By Steve Matthews and Timothy R. Homan
May 29 (Bloomberg) -- Federal Reserve Bank of Dallas President Richard Fisher said the U.S. slump will probably persist until next year as consumers restrain spending, while the outlook for inflation remains “meek.”
The economy faces a “very slow slog” to recovery, Fisher said yesterday in a speech in Washington. The recession “will moderate in the current quarter, and then we are likely to bounce along the bottom for a while,” with sustained growth doubtful before the end of this year, he said.
Fisher urged Congress not to “politicize” the central bank by taking a role in selecting Fed district bank presidents. Some lawmakers suggested such a role over concerns that Stephen Friedman, former chairman of the New York Fed’s board of directors, also served as a director of the board of Goldman Sachs Group Inc. Friedman quit the Fed post this month.
The central bank may step up purchases of assets to secure a stronger economic recovery, minutes of the April 28-29 meeting released last week showed. The Fed’s Open Market Committee voted unanimously to keep unchanged its targets for purchases of housing debt and long-term Treasuries amid signs the economic contraction may be easing.
“We’re not done with that program,” Fisher said in response to an audience question after the speech, referring to plans to buy $300 billion in Treasuries.
Fisher repeated his view that the U.S. unemployment rate will reach 10 percent, more than most of his colleagues.
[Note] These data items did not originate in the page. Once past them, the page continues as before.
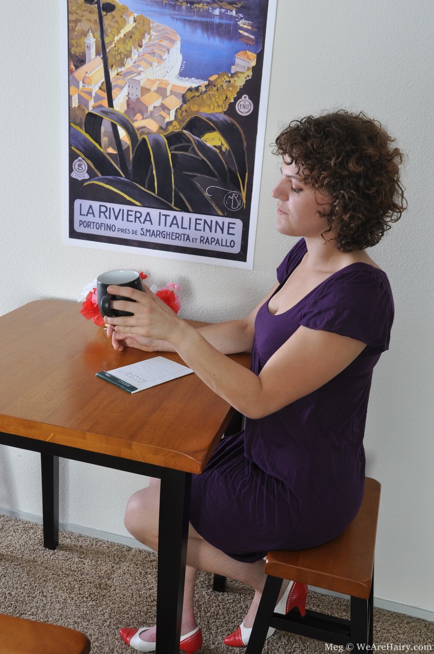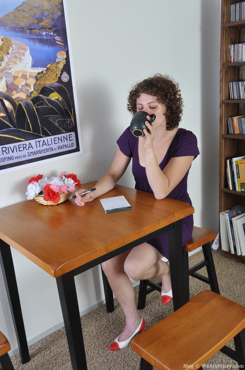 卷毛业余荡妇Meg四脚着地展示毛茸茸的洞 - 图库信息
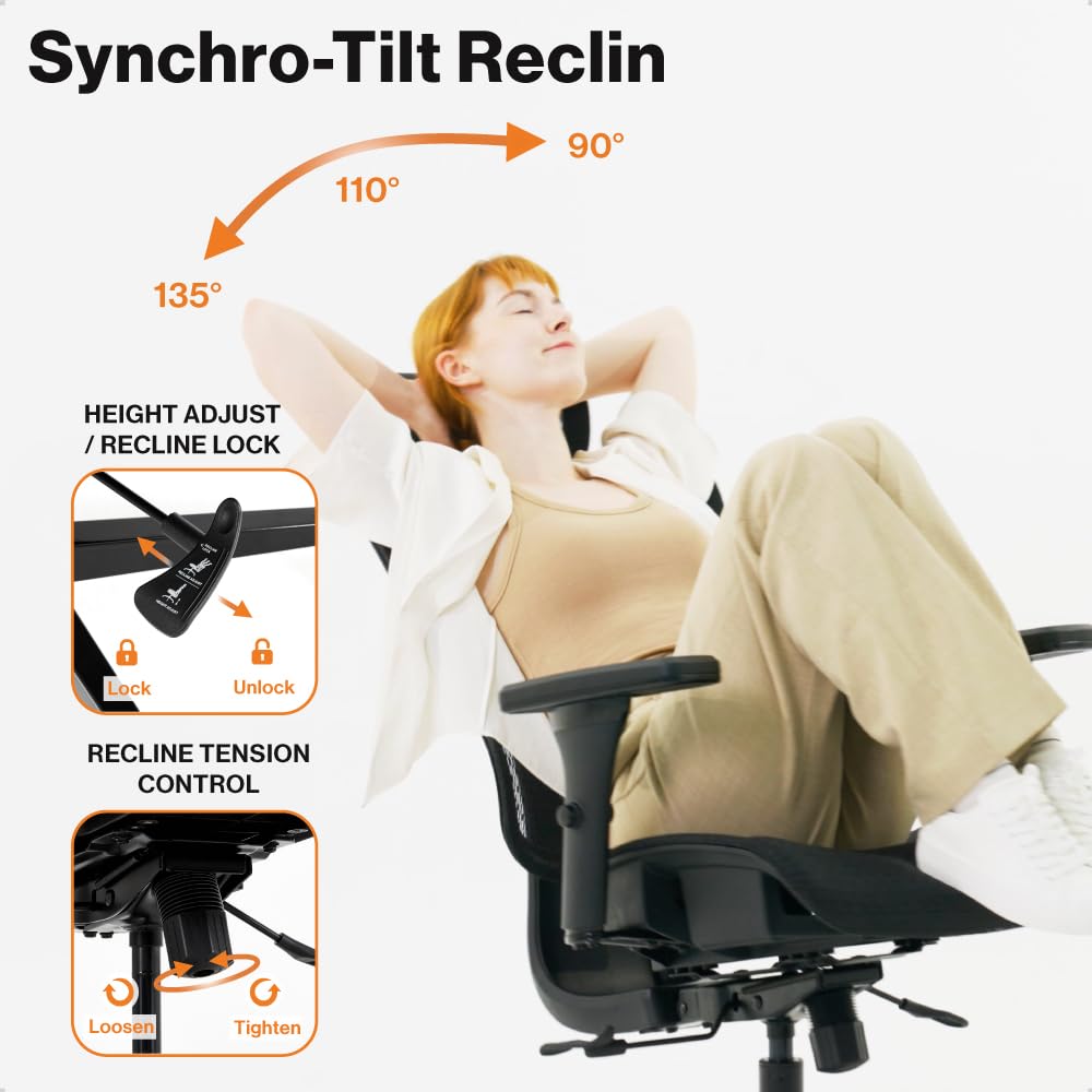 - The entire backrest and lumbar support moves up and down for your torso, while the seat depth adjusts from 19 to 21in for your legs. The vertical gas lift ranges 19 to 22.5in from floor to seat. And, this high back office chair fully reclines, locking at 90, 110 and 135deg. Sitting will never be the same again with Prestige’s 5 Fluid Systems of Comfort.
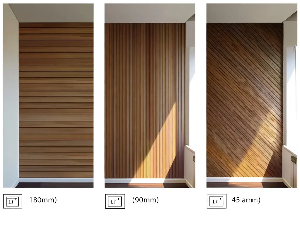 Taille des lames : Larges lames (180-200 mm) donnent une sensation d'élégance et d'espace. Lames étroites (60-90 mm) créent une texture plus dense, intéressante sur des murs de petite taille.
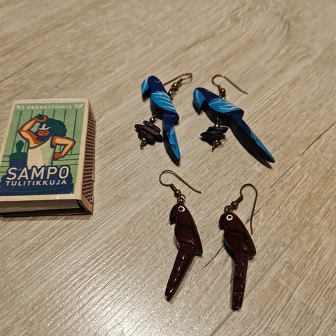 Puiset papukaijakorvakorut höyhenillä
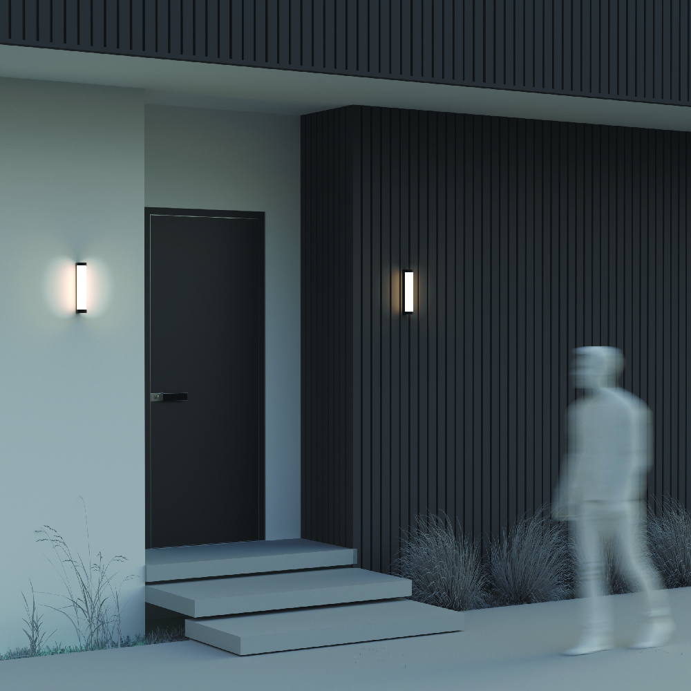 Настенные светильники бра. Корпус — алюминий, цвет — глубокий черный. Вертикальная конструкция с двусторонним световым потоком. LED-технология, теплый свет 3000К. Модели мощностью 12 Вт и 16 Вт. Защита от влаги и пыли — IP54. Подходящее решение для создания атмосферного освещения фасадов и внутренних помещений.
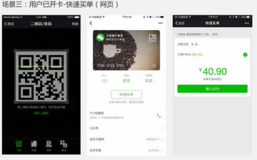 2.调起微信支付:商家可配置在卡内调起微信支付,目前已支持调起网页支付,在即将发布的新版本里,将支持调起刷卡支付,实现消费闭环。
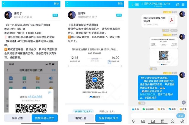 9月14日13:00-14:00进行校内赛理论考试。鉴于疫情形式,采用学习通超星平台组织参赛同学进行理论考试,同时采用腾讯会议作为考试监管平台。考试题目涵盖区块链概论、区块链关键技术和区块链应用展开,考试形式为客观题,由超星自行评分。各小组的每个组员都需参与答题,并以小组平均分计入理论总分(占比40%)。

Fed officials projected a deeper U.S. contraction with a 9 percent unemployment rate lasting through the end of 2010, according to the minutes.
More Pessimistic
Fisher’s view on the economy is more pessimistic than private forecasters. The U.S. recession will probably end in the third quarter, according to a survey by the National Association for Business Economics.
The economy will shrink at a 1.8 percent annual rate from April to June, and then grow at a 0.7 percent pace in the next three months, the survey showed. Growth will accelerate to a 1.8 percent rate by the final quarter.
“Given the vast amount of slack worldwide, the near-term outlook for inflation is meek,” Fisher said to the Washington Association of Money Managers. “Indeed, the recent pressures have been to the deflationary side. It is doubtful that inflation will raise its ugly head until employment and capacity utilization tighten.”
Fisher dissented five times against easing of monetary policy in 2008 because of concern over higher prices, giving him the reputation as one of the most “hawkish” of U.S. policy makers.
‘Aware of Doubts’
The Fed official said he was “well aware of doubts” that some analysts have expressed about the Fed’s ability to withdraw its monetary stimulus to keep prices from rising too much, saying the central bank is now “studying ways to unwind our balance sheet in a timely way.”
“There are concerns in some quarters that the Federal Reserve will be politicized,” Fisher said. “For example, there have been suggestions that Congress should be involved in the selection of Federal Reserve Bank presidents.”
“I trust that Congress will resist this initiative and not upset the careful federation that has for so long balanced the interests of Main Street with those of Washington,” he said.
Stable Relations
Fisher, answering an audience question, said China has become dependent on stable relations with the U.S. in finance and other areas.
“They have no desire to inflict harm on the United States because they would inflict harm on themselves,” he said. The interests of China and the U.S. are “interconnected and intertwined.”
The Fed official cited some “green shoots,” Fed Chairman Ben S. Bernanke’s term for signs of recovery, while adding the sprouts are not “spreading like kudzu.”
In the past few weeks, reports have pointed to a thawing in credit markets and an easing of the pace of the recession that began in December 2007.
Home resales in the U.S. rose for the second time in three months in April as foreclosure auctions and cheaper prices spurred bargain hunters, the National Association of Realtors reported May 27.
Confidence among U.S. consumers jumped in May by the most in six years, according to the Conference Board’s sentiment index. Manufacturing in the Philadelphia region contracted in May at the slowest pace in eight months as shipments and employment improved, the Philadelphia Fed reported.